На памятниках, надгробных плитах и мемориальных досках старательный резец человека начертал имена, дифирамбы и цифры столетий и лет. И послания эти читают потомки, дети, внуки и правнуки, а порою и более отдаленные поколения. Твердый камень мало-помалу точат дожди, мало-помалу вырисовываются следы пернатых, улиток; издалека прилетевшая пыль, серым слоем въедаясь в поверхность, гасит блеск, набивается в борозды рун, стирает грани, осуществляя тем переход творения людей в творения природы, покрытые растительностью, мхом, и приуготовляя прекрасному бессмертию неторопливую и кроткую погибель. В Японии, когда-то образцово набожной стране, бесчисленные ущелья и леса скрывают тысячи сгнивающих скульптур, создания художников: прекрасных, кротко улыбающихся Будд, прекрасных благостных Каннон *, почтительных благообразных дзэнских братьев на всех этапах разрушения, призрачно-гипнотического обесформливания, - тысячелетние каменные лица с тысячелетними бородами из мха, травы, цветов и спутанных ветвей. В наши дни один из набожных потомков тех, кто здесь молился и приносил цветами жертву, собрал немало тех изображений в чудесном альбоме, и никогда не получал я лучшего подарка из его страны, с которой давно уже обмениваюсь многим.
* Одно из наиболее популярных японских буддистских божеств; это милосердная заступница, к которой может обратиться за помощью любой человек; сохранились тысячи статуй Каннон, ей посвящены десятки легенд.
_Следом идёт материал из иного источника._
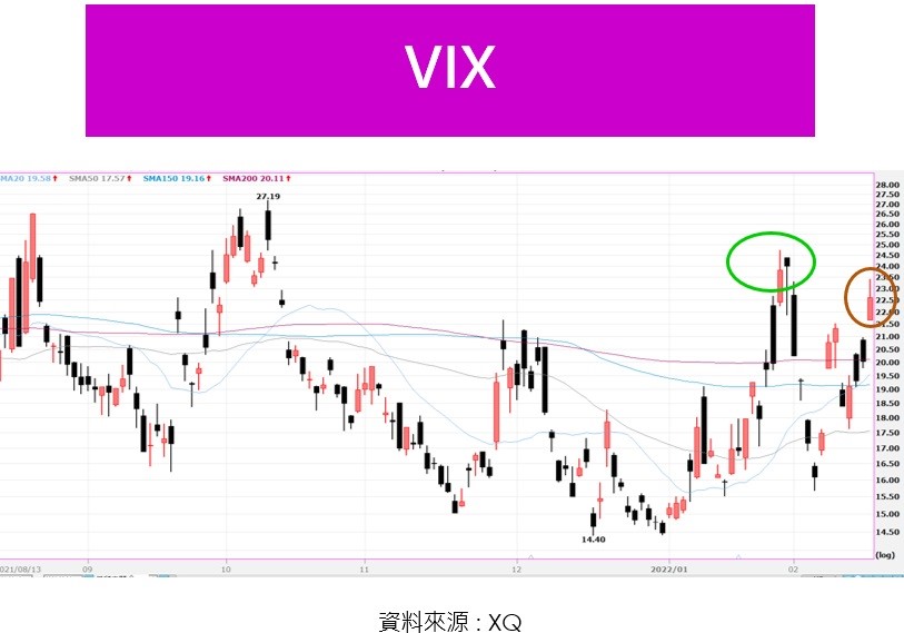 附圖五為黃金走勢圖,近半年震盪趨堅,主因除了戰爭可能性上揚外,抵抗通膨買盤也是原因之一;附圖六為VIX,代表芝加哥期權交易所市場波動率指數,常稱為「恐慌指數」,近期雖然逐步上升(如棕色圈圈),可是並未超過1月下旬的高點(如綠色圈圈),透露出投資者的情緒雖緊張,但仍未失控。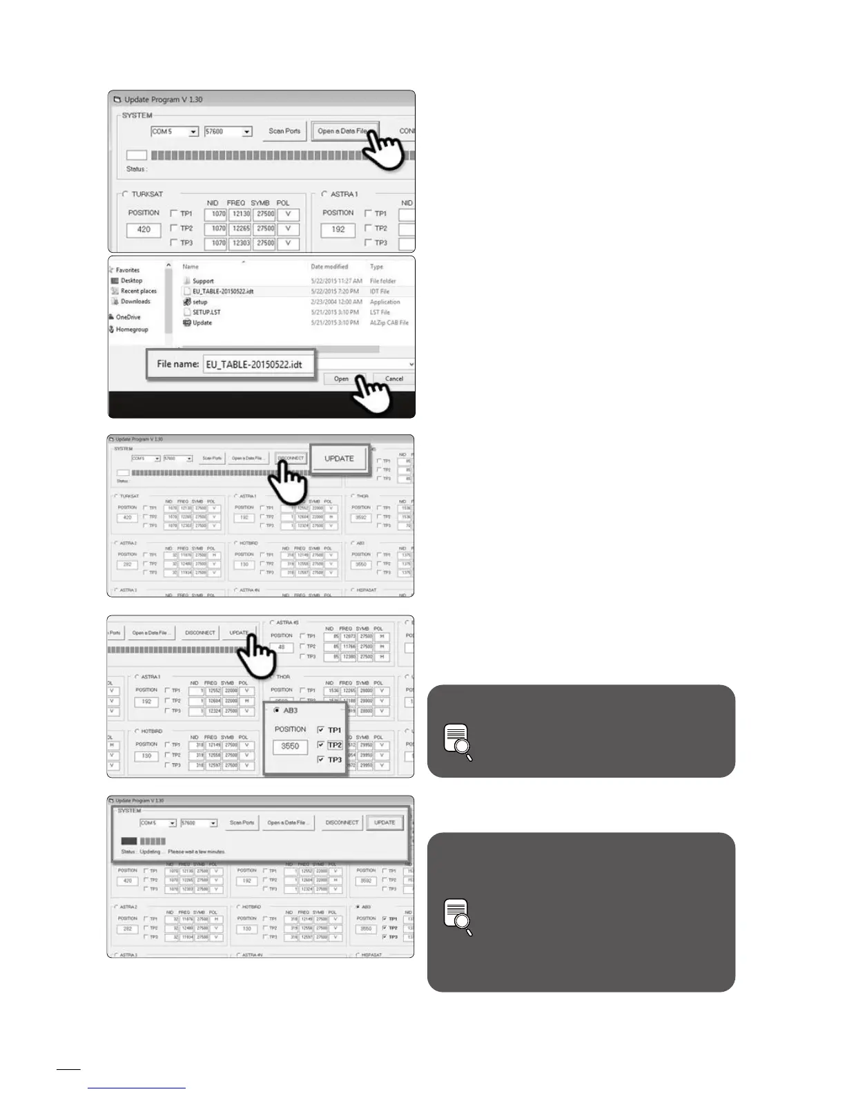Vérifiez le satellite et TP, pour mettre à jour et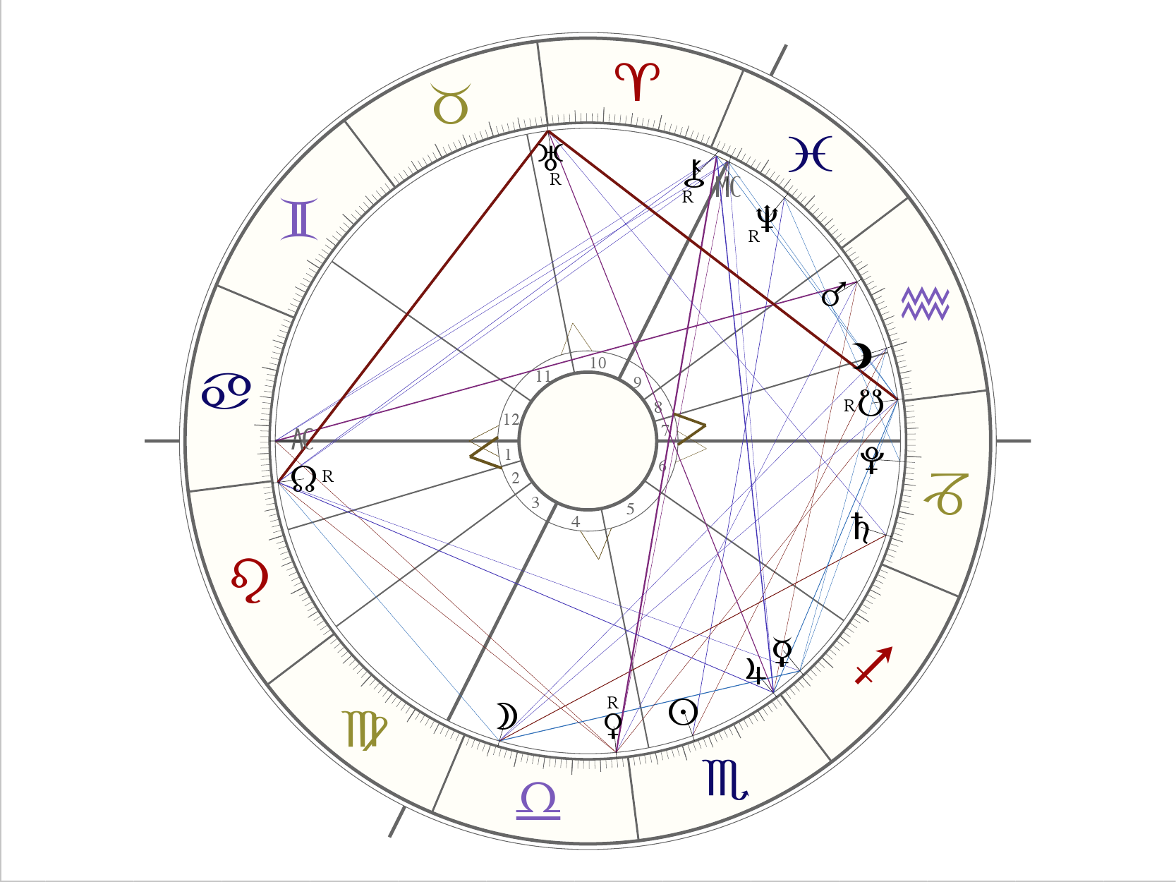 hier sehen Sie, was sich aktuell tut: Uranus im Stier rückläufig ist im T-Quadrat zu den Mondknoten, das sind die stark roten Linien zwischen den fixen Zeichen. Da muss sich also was bewegen im Stier, was sich wirklich nicht gern bewegt. Für den Stier-Bereich ist der stark von Wolfgang Döbereiner geprägte Begriff „Revier“ sehr von Nutzen. Man wird Stier-geprägte Menschen – also solche mit Aszendent oder Sonne, auch Mond und Venus in Stier, selbst Mars und Saturn auf je ihre Art – und Merkur gewiss ebenso – immer besser verstehen, wenn man weiß, dass sie Revierbauer sind. Welcher Art ihr Revier ist, ist eine ganz andere Frage. Es ist aber materiell. Selbst, wenn man als Stier-geborener Papst (Johannes Paul II) ist.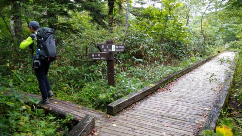 木道(壊れている箇所有り)と多少のぬかるみはあるものの概ね歩きやすいルート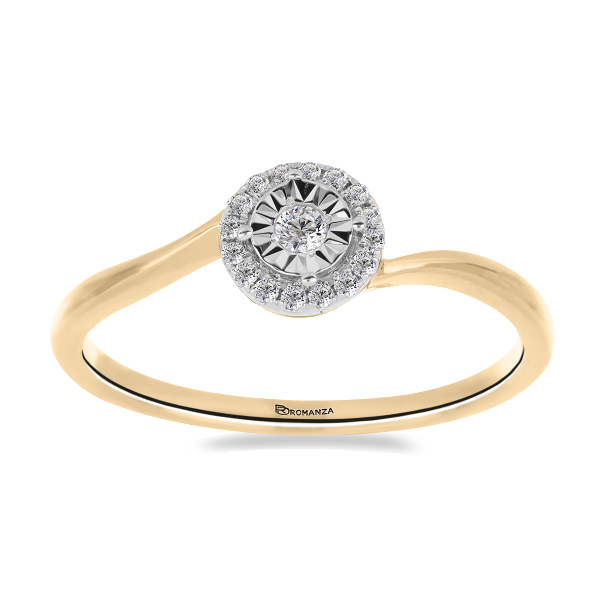 Anillo Solitario Ilusión con Centro 0.10 Quilates de Diamante en ORO AMARILLO de 14 kt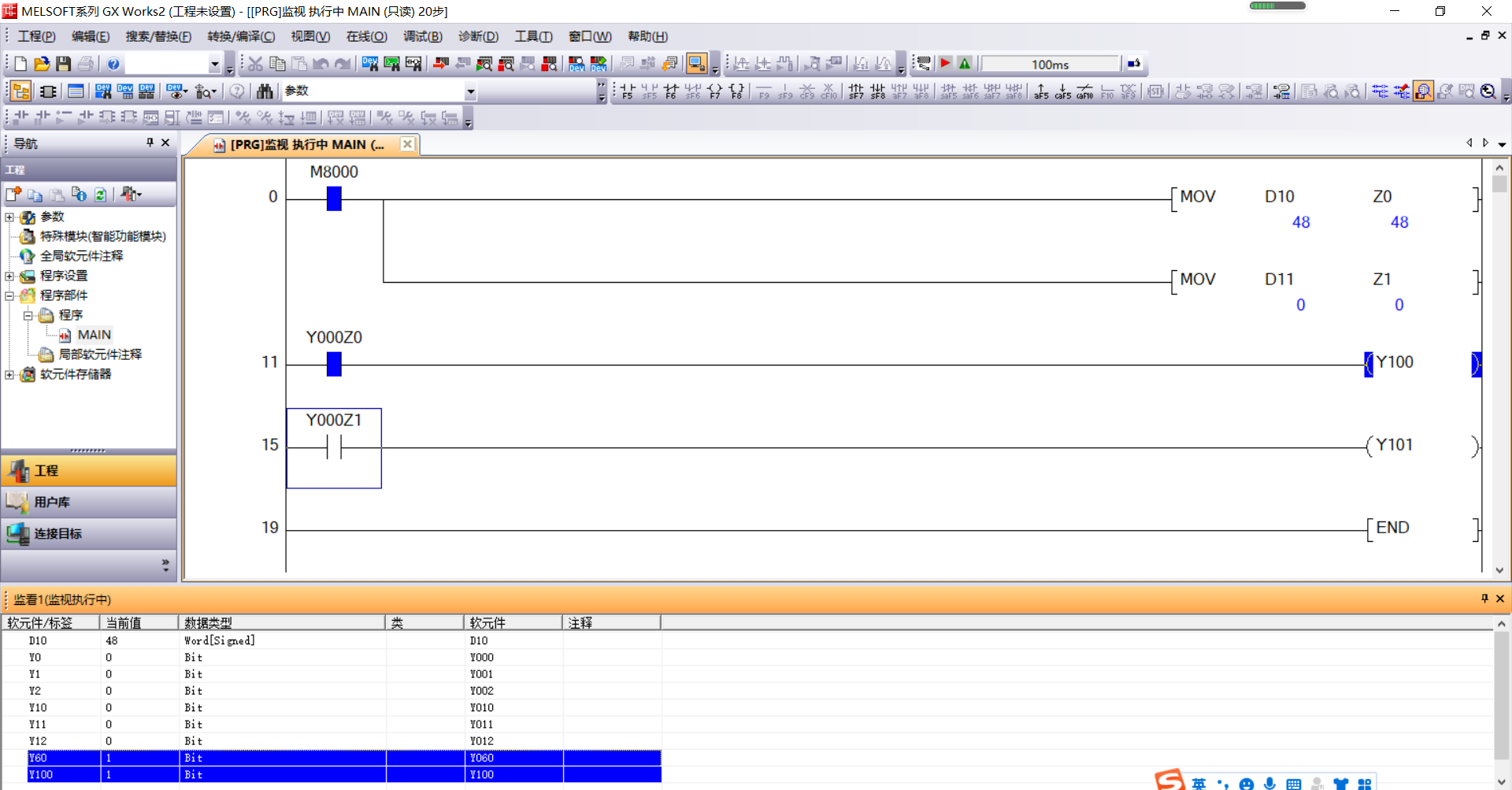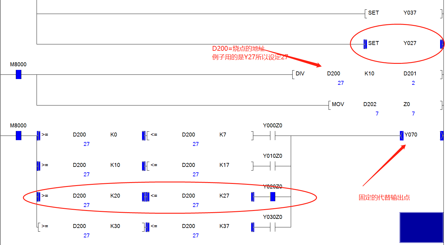 可以采用變址尋址方式實現,三菱FX3U,觸摸屏輸入需要替換的輸出點位置編號(由于輸出采用8位 方式,Y0-Y7,Y10-Y17,Y20-Y27,Y30-Y37,Y40-Y47,Y50-Y57,Y60-Y67對應0-7,8-15,...48-55,位置編號以此類推),如上圖,變址寄存器Z0,備用點為Y100,當D10=48時,Y60為1時,Y100為1,表示Y100跟Y60的輸出一致,及Y100是Y60的備用輸出點,當D10=0,Y100是Y0的備用輸出點,根據以上測試類推,可以配置多個備用點,需要注意的是每個備用點需要占用一個變址寄存器。具體變址的使用大家可以查手冊,希望這個測試對大家有所幫助。也歡迎大家來電討論!
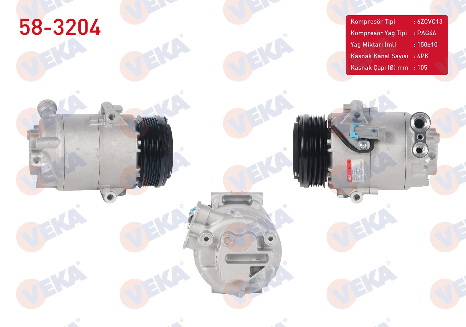 KLIMA KOMPRESORU 6PK 105mm OPEL ASTRA H 1.3 CDTI 2004-2010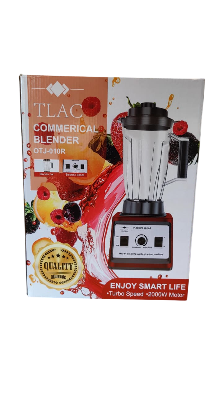 The TLAC OTJ-010R Commercial Blender is designed for powerful and efficient blending in homes, cafés, juice bars, and restaurants. Equipped with a high-performance 1500W motor, it delivers strong crushing power for smoothies, juices, soups, sauces, and ice blending.
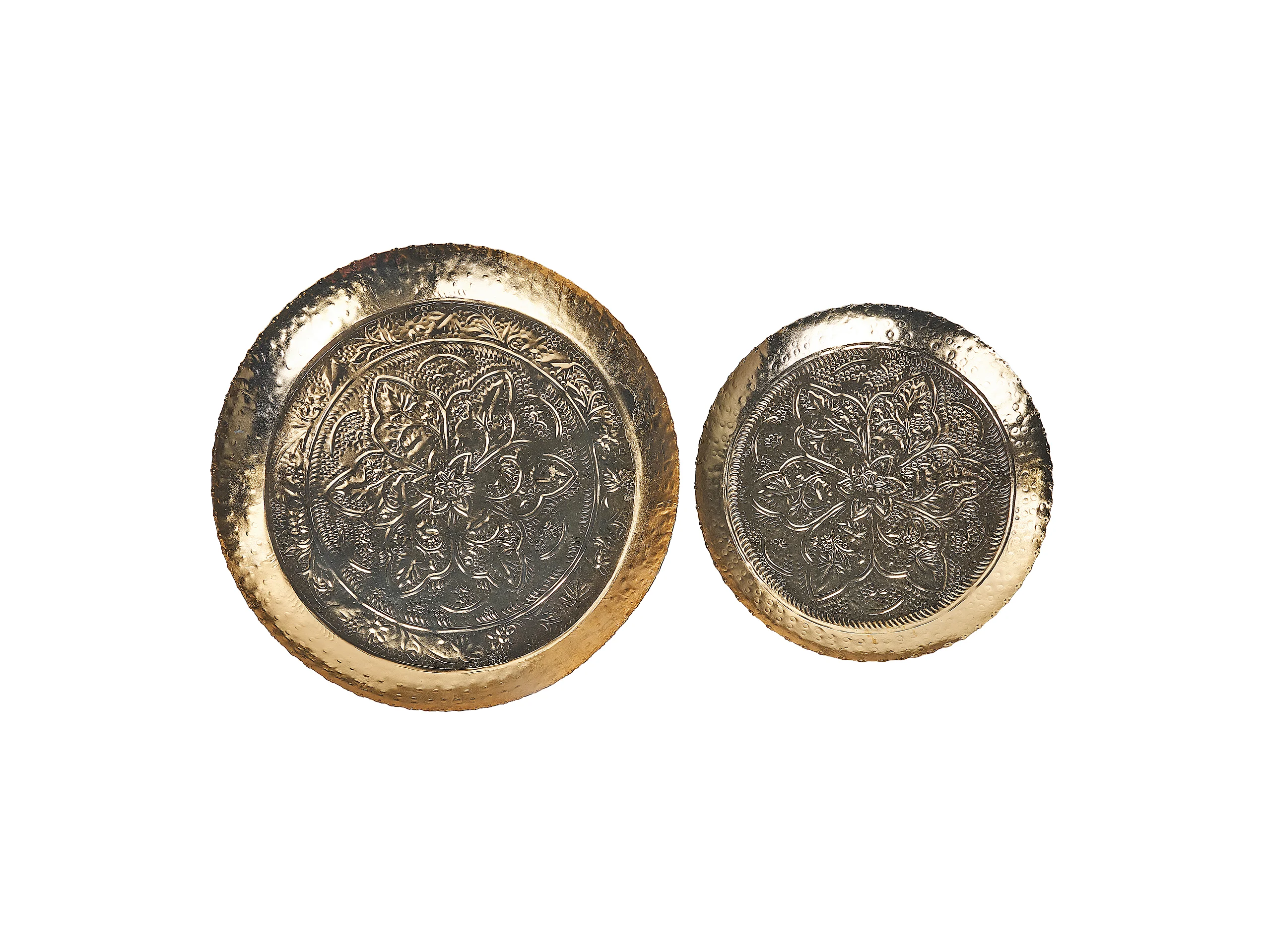 Plateaux ronds en métal finition doré antique (Lot de 2)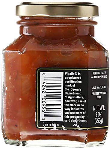 Sweet Vidalia Onions, Vinegar, Sugar, Tomatoes, Salt, Red Pepper, White Pepper, Garlic Powder, Spices, 93% Sweet Vidalia Onions, Spices
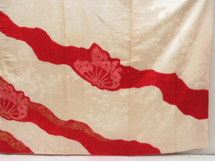 5806T09z1040 Vintage Japanese Kimono Silk FURISODE Butterfly Dark red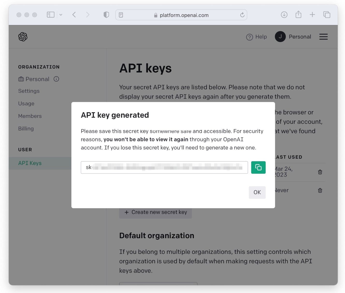 Truy cập vào https://platform.openai.com/account/api-keys, nhấn Create new secret key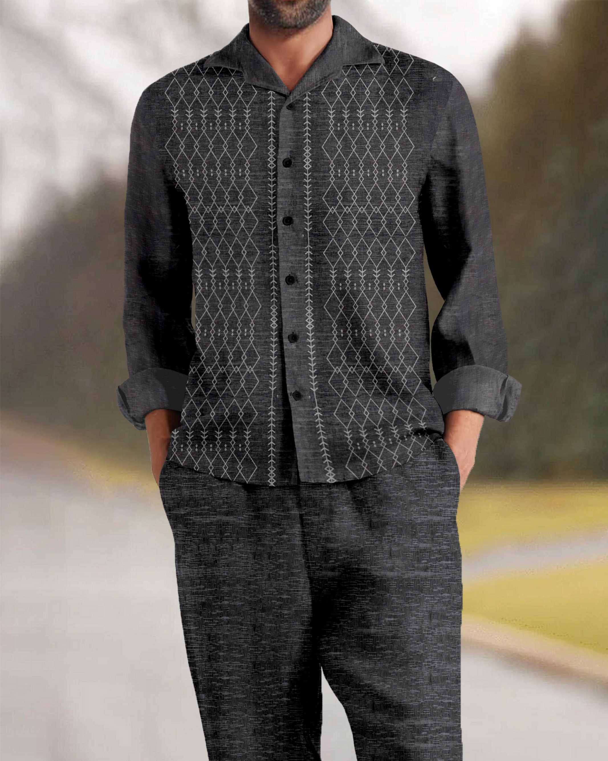 Suitmens Men's Southwestern Style Long Sleeve Walking Suits-0046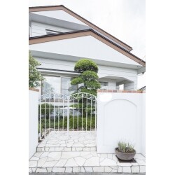 樹々の緑やカラフルなお花が際立つよう、白を基調としたパースでプランニングします。白い塀に白いアイアン製のクラシカルな門扉とフェンスをコーディネート。塀には素焼きのレンガを積んで温かさをプラスします。アプローチは水はけなどの機能性や、視覚的デザインに配慮しながら、整形・配置していきます。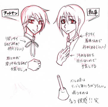 執事は手袋あり襟は少しありネクタイ(ネクタイだから襟がある)

Все, что начертано, сотрется рано или поздно, через тысячелетия или минуты. Все письмена и угасанье всех письмен следит с насмешкою всемирный Дух. Отрадно, что сумели мы прочесть какие-то из них, постичь их смысл. Смысл, ускользающий от всякого письма и вместе с тем ему присущий, всегда один и тот же. И я играл им в этой зарисовке, то проясняя, может быть, на йоту, то вуалируя его, однако нового я ничего не говорил и говорить не собирался. Многие провидцы и писатели запечатлели этот смысл по многу раз и всякий раз чуть-чуть иначе, чуть веселее или чуть печальней, чуть горше или чуть послаще. Можно сочетать слова иначе, иначе подбирать и строить фразы, иначе размещать и брать с палитры краски, использовать и жесткий и мягкий карандаш - послание всегда будет одно: старинное, звучавшее не раз, часто испытуемое, вечное. Но интересно всякое нововведение, увлекателен любой переворот в искусствах и языках, восхитительны все игры мастеров. Что ими выражается, что выражения достойно, что полностью не выразимо, останется навек одним и тем же.
(1961)
ПИСАТЕЛЬ, ОКОЛДОВАННЫЙ КНИГОЙ
(послесловие)
Книги, сколько их ни есть,
Счастья не дают,
Но таинственно к тебе
Самому ведут.
Ибо свет в тебе самом
Сказочной страны
Солнце, звезды и луна,
Что тебе нужны.
В книгах мудрость ты искал,
И она, лучась,
Светит с каждого листа
Вся твоя сейчас.
Герман Гессе. Книги
Произведение в душе художника - это стихийная сила, которая прокладывает себе путь либо тиранически и насильственно, либо с той неподражаемой хитростью, с какой природа умеет достигать своих целей, не заботясь о личном благе или горе человека - носителе творческого начала. Карл Густав Юнг
"Я сам читатель, один из тех, кто с детства околдован книгой", - писал Гессе в эссе "Магия книги". Слово "околдован", впрочем, редкое в лексиконе писателя, говорящего обычно о волшебстве, высвечивает здесь некий отрицательный смысл - смысл злого волшебства, воздействующего на писателя помимо его собственной воли. Кажется парадоксальным, что источником колдовства, силы, по нашему мифологическому опыту отчуждающей человека от жизни, счастья, собственного Я, выступает у Гессе именно книга. Хотя и наш бытовой опыт говорит об опасности ситуации, когда чтение поставляет человеку замену жизни, создает зависимость от чужих представлений и несамостоятельность в суждениях и поступках. На опасность многочтения на протяжении всей своей жизни неоднократно указывал и сам Гессе. Для него же самого книга стала роком, "судьбой, росшей в нем самом". Преодоление этого рока вылилось у Гессе в творчество, в ведущую тему его жизни, которая, чрезвычайно сложно и противоречиво выраженная, присутствует практически во всех его произведениях, принимая форму разлада с самим собой и окружающим миром и форму грандиозной попытки превратить колдовство книги в благую, творимую свободной волей человека, магию книги.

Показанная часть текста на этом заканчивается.